Task brief -> Starting at the first line of the listing below, repeat each line exactly until you have repeated the one containing "大地圖上有各種商人,遇到雜貨"; skip the pictures.

Source data ->
____________________
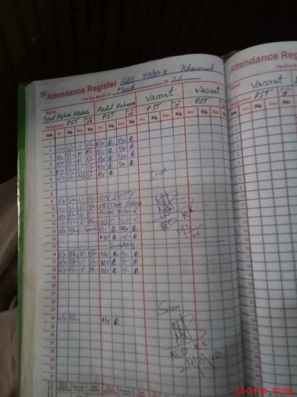 | Leave | Duty | Absent | Maternity | Medical | Ex- Pak |
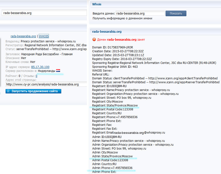 Начнем с интернет-страницы «Народной Рады Бессарабии», которая имеет адрес http://rada-bessarabia.org. Беглый анализ сайта с помощью онлайн сервиса «CY-PR» показал, что «бессарабы» по неведомым причинам предпочитают администрировать свой интернет-ресурс из Москвы, а не с Украины или Нидерландов (где физически он находится):
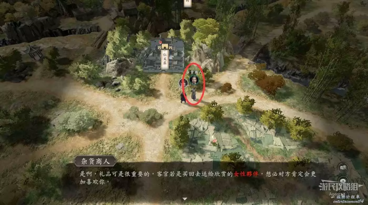 大地圖上有各種商人,遇到雜貨商人的話(仁義莊附近就有一個在徘徊,如下圖),建議把禮物全都買了,留著送小姐姐。
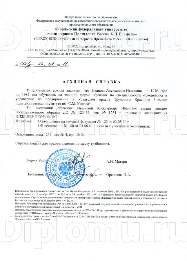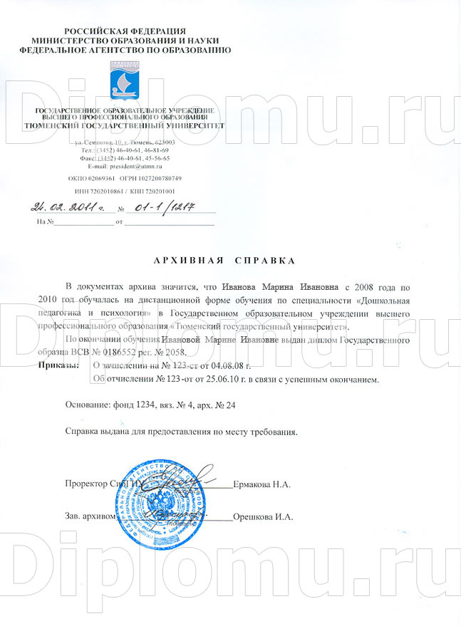 Покупая архивную справку у нас, будьте уверенны, что выглядеть она будет также, как если бы Вы реально получили ее в учебном заведении. Используем настоящие печати вузов, копируем подписи! Мы обеспечиваем конфиденциальность данных клиентов. Изготовляем документы на официальных бланках. Соблюдаем все необходимые клиентам сроки. Обращайтесь!
____________________
Result of this exercise ->
 | Leave | Duty | Absent | Maternity | Medical | Ex- Pak |
 Начнем с интернет-страницы «Народной Рады Бессарабии», которая имеет адрес http://rada-bessarabia.org. Беглый анализ сайта с помощью онлайн сервиса «CY-PR» показал, что «бессарабы» по неведомым причинам предпочитают администрировать свой интернет-ресурс из Москвы, а не с Украины или Нидерландов (где физически он находится):
 大地圖上有各種商人,遇到雜貨商人的話(仁義莊附近就有一個在徘徊,如下圖),建議把禮物全都買了,留著送小姐姐。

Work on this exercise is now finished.